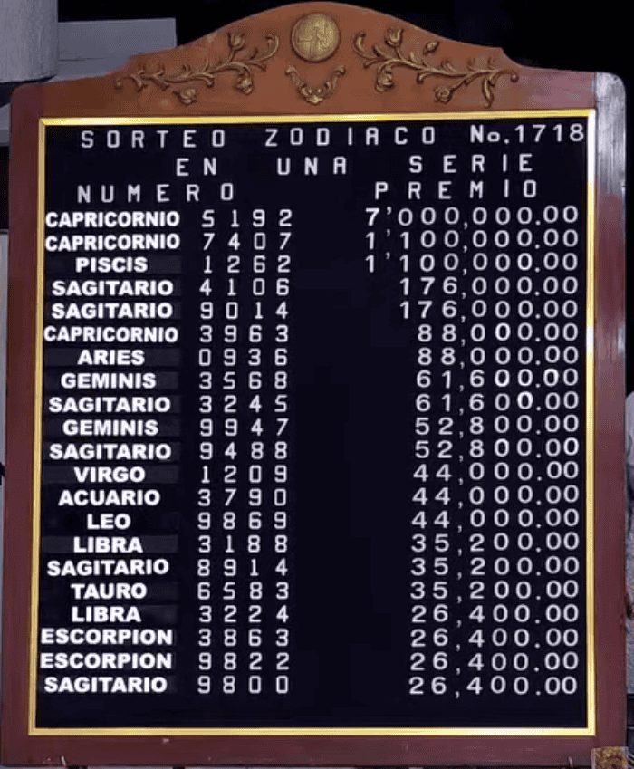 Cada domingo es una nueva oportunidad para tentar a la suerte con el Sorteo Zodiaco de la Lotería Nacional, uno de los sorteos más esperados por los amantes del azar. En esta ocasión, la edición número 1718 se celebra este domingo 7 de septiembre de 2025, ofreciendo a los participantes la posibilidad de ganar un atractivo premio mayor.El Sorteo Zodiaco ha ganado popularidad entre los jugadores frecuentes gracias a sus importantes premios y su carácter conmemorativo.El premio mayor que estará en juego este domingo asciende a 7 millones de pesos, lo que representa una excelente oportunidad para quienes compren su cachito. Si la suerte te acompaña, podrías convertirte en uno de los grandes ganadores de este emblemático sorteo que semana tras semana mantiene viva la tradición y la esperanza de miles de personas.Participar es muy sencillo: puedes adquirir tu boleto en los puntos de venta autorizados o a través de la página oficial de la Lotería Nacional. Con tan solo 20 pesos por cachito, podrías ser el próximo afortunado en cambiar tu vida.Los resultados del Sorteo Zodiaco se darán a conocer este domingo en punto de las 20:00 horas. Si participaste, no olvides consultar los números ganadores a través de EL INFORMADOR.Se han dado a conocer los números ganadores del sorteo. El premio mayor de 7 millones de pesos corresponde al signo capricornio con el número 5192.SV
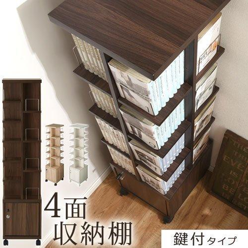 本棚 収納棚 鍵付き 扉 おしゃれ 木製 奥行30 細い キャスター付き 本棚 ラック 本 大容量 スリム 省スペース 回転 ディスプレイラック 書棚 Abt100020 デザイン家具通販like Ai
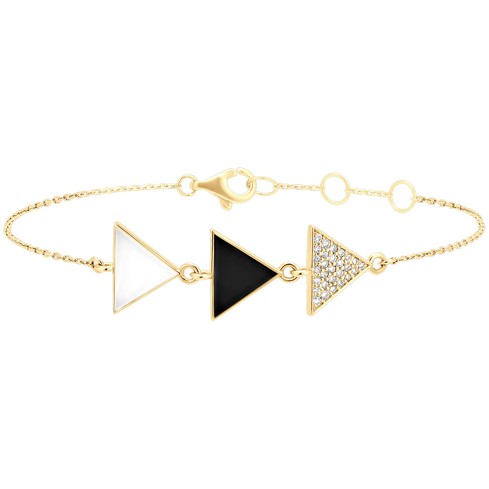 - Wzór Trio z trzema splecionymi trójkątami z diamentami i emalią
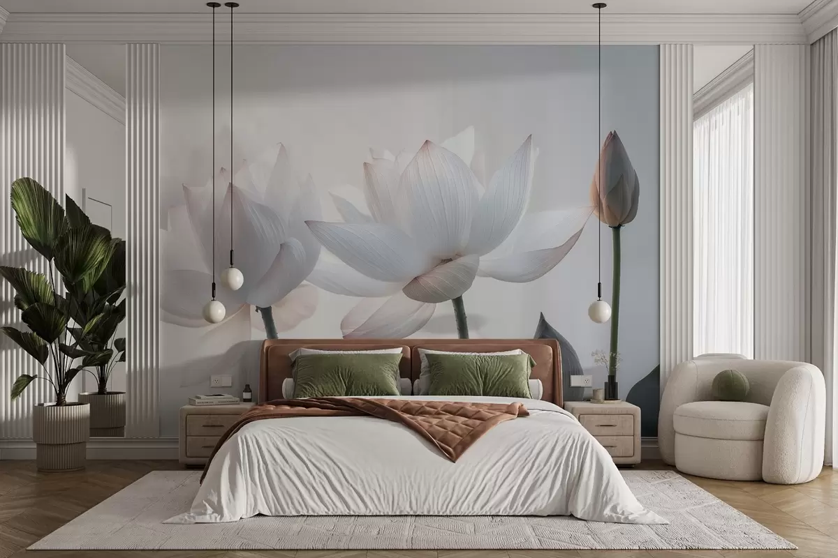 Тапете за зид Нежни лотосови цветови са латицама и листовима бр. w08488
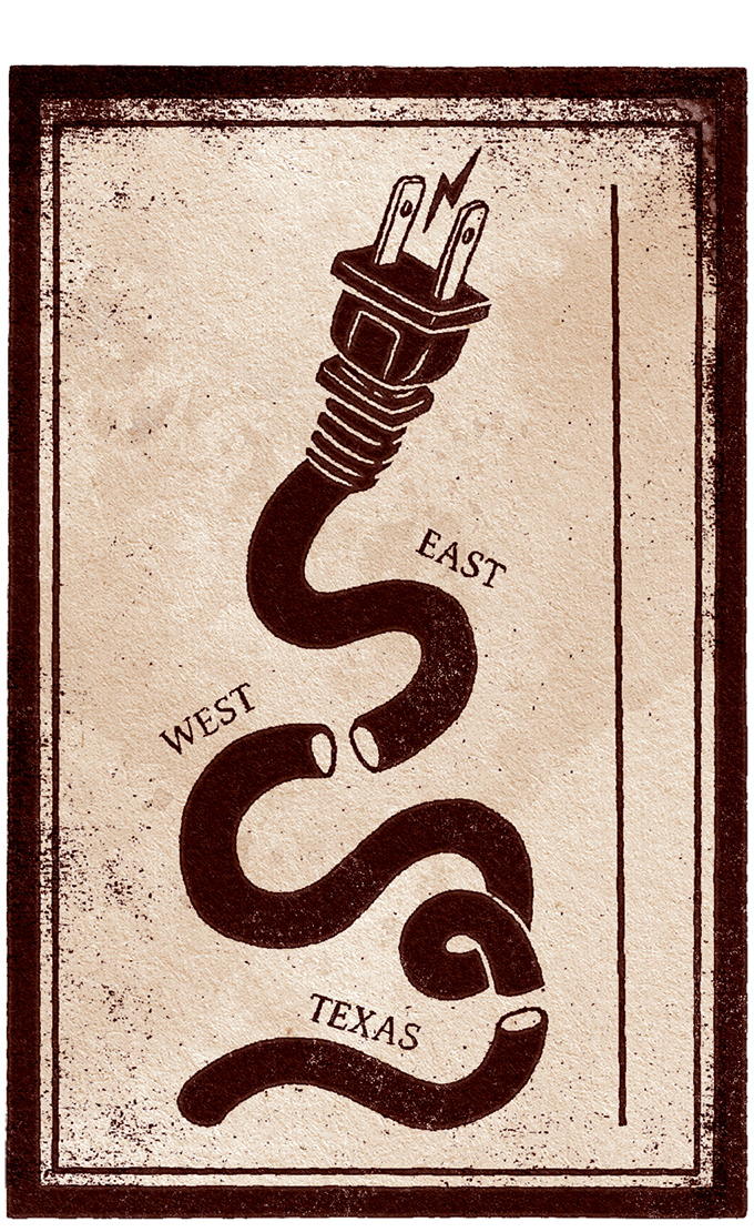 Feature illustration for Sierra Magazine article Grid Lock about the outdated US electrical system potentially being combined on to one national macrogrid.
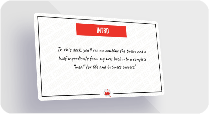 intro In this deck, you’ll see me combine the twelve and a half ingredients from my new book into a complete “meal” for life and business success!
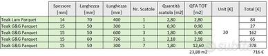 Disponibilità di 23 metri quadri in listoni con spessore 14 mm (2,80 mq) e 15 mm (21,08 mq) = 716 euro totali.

--

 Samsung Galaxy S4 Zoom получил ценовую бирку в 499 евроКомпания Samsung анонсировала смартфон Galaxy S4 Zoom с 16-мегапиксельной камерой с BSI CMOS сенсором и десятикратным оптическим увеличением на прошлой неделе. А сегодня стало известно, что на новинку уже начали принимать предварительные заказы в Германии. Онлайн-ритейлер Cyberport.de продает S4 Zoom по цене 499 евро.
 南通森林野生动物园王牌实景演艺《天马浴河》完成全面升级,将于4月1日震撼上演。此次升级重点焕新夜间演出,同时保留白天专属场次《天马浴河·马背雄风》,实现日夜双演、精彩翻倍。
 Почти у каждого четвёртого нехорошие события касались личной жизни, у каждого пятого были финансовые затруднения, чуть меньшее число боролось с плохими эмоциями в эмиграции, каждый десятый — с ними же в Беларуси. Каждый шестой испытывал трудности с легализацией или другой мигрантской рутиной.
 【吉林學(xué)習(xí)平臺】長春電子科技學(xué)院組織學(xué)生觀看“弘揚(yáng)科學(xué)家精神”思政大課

...

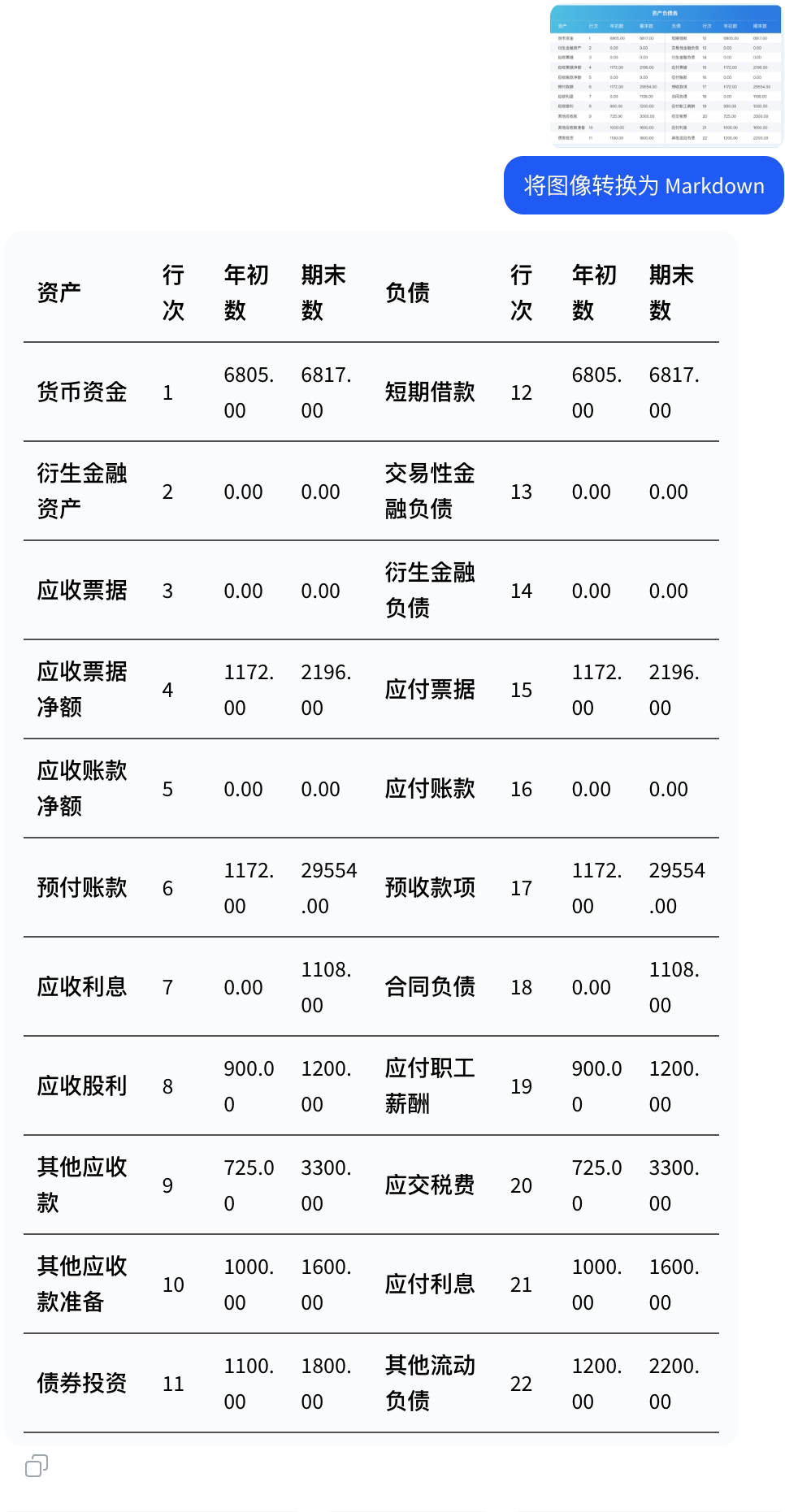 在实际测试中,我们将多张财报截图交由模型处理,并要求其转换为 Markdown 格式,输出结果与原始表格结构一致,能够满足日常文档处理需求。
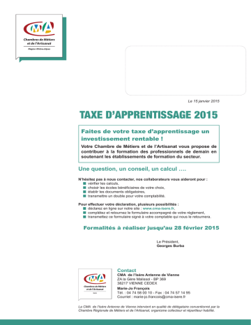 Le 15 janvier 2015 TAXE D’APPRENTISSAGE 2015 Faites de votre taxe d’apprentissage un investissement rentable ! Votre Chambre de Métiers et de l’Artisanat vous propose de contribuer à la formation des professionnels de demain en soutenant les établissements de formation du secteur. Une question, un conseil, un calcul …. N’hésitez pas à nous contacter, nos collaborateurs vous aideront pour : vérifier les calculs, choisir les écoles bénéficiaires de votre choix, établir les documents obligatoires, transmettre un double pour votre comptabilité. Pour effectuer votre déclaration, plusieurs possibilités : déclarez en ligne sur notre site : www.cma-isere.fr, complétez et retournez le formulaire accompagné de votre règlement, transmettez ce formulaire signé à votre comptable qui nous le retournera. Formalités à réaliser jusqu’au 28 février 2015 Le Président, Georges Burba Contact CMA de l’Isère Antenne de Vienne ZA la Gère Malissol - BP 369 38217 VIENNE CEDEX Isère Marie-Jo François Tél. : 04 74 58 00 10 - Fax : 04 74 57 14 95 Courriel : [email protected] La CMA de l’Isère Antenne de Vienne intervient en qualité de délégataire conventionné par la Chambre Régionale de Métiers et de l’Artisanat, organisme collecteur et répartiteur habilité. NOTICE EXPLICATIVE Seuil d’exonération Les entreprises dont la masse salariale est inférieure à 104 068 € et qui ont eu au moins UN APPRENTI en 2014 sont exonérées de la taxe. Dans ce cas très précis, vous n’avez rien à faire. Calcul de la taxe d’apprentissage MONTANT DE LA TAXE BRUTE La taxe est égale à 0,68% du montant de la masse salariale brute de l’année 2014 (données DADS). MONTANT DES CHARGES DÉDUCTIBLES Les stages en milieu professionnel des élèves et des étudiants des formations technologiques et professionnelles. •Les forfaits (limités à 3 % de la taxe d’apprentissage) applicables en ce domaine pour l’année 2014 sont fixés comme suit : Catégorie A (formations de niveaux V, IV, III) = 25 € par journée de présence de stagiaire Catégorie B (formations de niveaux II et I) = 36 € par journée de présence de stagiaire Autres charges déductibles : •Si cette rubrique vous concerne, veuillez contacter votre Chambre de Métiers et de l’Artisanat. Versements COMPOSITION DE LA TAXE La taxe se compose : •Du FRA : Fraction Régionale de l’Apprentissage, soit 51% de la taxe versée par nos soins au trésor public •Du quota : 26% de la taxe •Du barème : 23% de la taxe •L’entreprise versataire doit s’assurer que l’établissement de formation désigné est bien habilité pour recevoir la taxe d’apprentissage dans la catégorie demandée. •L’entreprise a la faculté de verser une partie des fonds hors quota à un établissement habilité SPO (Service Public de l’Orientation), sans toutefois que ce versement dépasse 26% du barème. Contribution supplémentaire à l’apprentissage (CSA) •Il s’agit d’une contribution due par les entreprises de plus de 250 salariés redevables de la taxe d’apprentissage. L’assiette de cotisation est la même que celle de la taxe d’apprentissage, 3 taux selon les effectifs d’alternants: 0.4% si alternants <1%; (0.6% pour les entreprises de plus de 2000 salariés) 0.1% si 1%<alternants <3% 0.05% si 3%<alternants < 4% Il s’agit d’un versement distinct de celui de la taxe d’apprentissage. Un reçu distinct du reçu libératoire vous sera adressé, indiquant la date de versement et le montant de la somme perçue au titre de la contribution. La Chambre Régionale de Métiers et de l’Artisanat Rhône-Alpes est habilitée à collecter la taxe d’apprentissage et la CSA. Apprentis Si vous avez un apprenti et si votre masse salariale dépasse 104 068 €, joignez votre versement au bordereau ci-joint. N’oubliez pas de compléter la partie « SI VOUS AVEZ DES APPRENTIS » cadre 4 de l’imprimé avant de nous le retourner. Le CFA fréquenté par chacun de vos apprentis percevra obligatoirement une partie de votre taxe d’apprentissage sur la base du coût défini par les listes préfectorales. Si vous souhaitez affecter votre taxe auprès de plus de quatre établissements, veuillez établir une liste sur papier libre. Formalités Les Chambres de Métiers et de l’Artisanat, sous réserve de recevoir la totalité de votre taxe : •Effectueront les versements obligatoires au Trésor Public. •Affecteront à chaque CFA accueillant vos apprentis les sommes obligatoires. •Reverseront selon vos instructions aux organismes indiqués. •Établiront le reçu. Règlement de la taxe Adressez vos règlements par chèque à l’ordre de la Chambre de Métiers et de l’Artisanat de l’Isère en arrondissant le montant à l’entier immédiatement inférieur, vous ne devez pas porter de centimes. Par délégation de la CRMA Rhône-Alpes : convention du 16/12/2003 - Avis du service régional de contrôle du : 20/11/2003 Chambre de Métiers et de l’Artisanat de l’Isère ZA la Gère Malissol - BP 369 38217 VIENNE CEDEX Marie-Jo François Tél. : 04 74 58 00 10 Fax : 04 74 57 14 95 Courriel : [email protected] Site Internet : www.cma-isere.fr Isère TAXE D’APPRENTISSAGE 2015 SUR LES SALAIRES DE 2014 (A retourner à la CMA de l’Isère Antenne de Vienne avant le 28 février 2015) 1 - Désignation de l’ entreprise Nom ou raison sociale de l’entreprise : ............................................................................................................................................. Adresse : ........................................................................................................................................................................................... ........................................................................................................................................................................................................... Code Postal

• [TASK PROMPT]: Each line between the one holding "- Wzór Trio" and the one holding "Disponibilità di 23", inclusive, should be copied exactly as it appears above, and pictures should be omitted.

• [RESPONSE TO THIS EXERCISE]:
 - Wzór Trio z trzema splecionymi trójkątami z diamentami i emalią
 Тапете за зид Нежни лотосови цветови са латицама и листовима бр. w08488
 Feature illustration for Sierra Magazine article Grid Lock about the outdated US electrical system potentially being combined on to one national macrogrid.
 intro In this deck, you’ll see me combine the twelve and a half ingredients from my new book into a complete “meal” for life and business success!
 Disponibilità di 23 metri quadri in listoni con spessore 14 mm (2,80 mq) e 15 mm (21,08 mq) = 716 euro totali.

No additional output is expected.